Quote:
Originally Posted by Wavytone
You should try again now that I've fixed the collimation. It was quite close but not quite perfect at 450X and I thought leave well enough alone. But last Saturday I broke out the screwdriver and tweaked it, ever so gently. All it took was barely crack 1 screw, perhaps 1/10th of a turn or less.
Now that it's spot on I can say a Strehl of 97% is quite something to behold, and I was quite surprised at just how much difference that tweak made at really high powers on close multiple stars and planets.
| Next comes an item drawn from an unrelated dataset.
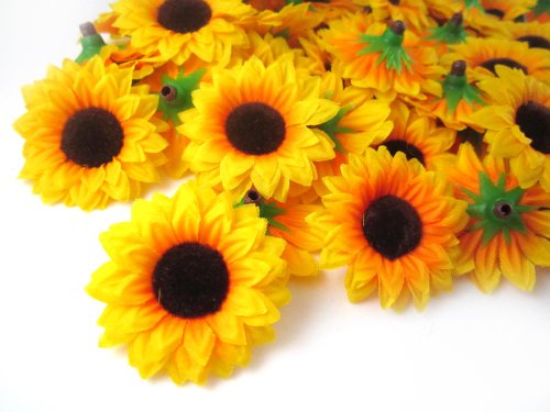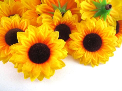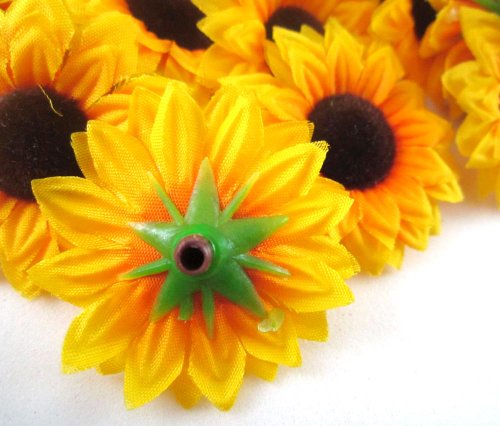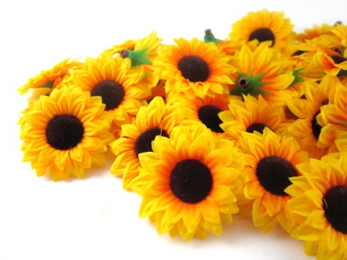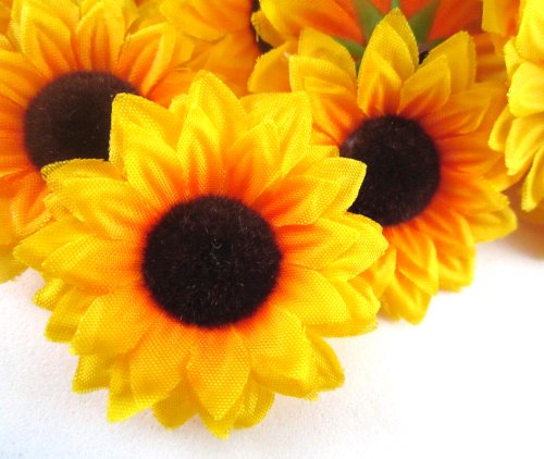 (24) Silk Yellow Sunflowers sun Flower Heads , Gerber Daisies - 1.5" - Artificial Flowers Heads Fabric Floral Supplies Wholesale Lot for Wedding Flowers Accessories Make Bridal Hair Clips Headbands Dress

Something else also stood out looking at the moons of Jupiter and Saturn - even in poor to average seeing its quite easy to identify those that are moons and not stars. Jupiters moons are resolved nicely... Saturns are harder.
Compiling a list of close double stars to see how it fares near Dawes limit.
FWIW I have a nice 8" f/9 mirror with a fine figure in storage, never used.... I think that's going to be up for sale soon.
|
Wavy...
Collimation...Thats actually a bigger problem than most realise with SCTs and even less frequently Maksutovs
One of the main reasons otherwise good SCTs get bad raps..usually the owners fault ..some are even sold way out of collimation to the unwary, only to be cursed and resold within months..
They all screem foul about the ordinary images, and thats one bad reputation they unfairly hold ..bad images that should not be in most cases...Ive had some really good ones...Collimation and cooling is a must otherwise they will perform poorly.
PS: Wonder if Synta SW or Celestron will ever release a big Maksutov over 200mm , they had one 305mm in testing ..what happened to that!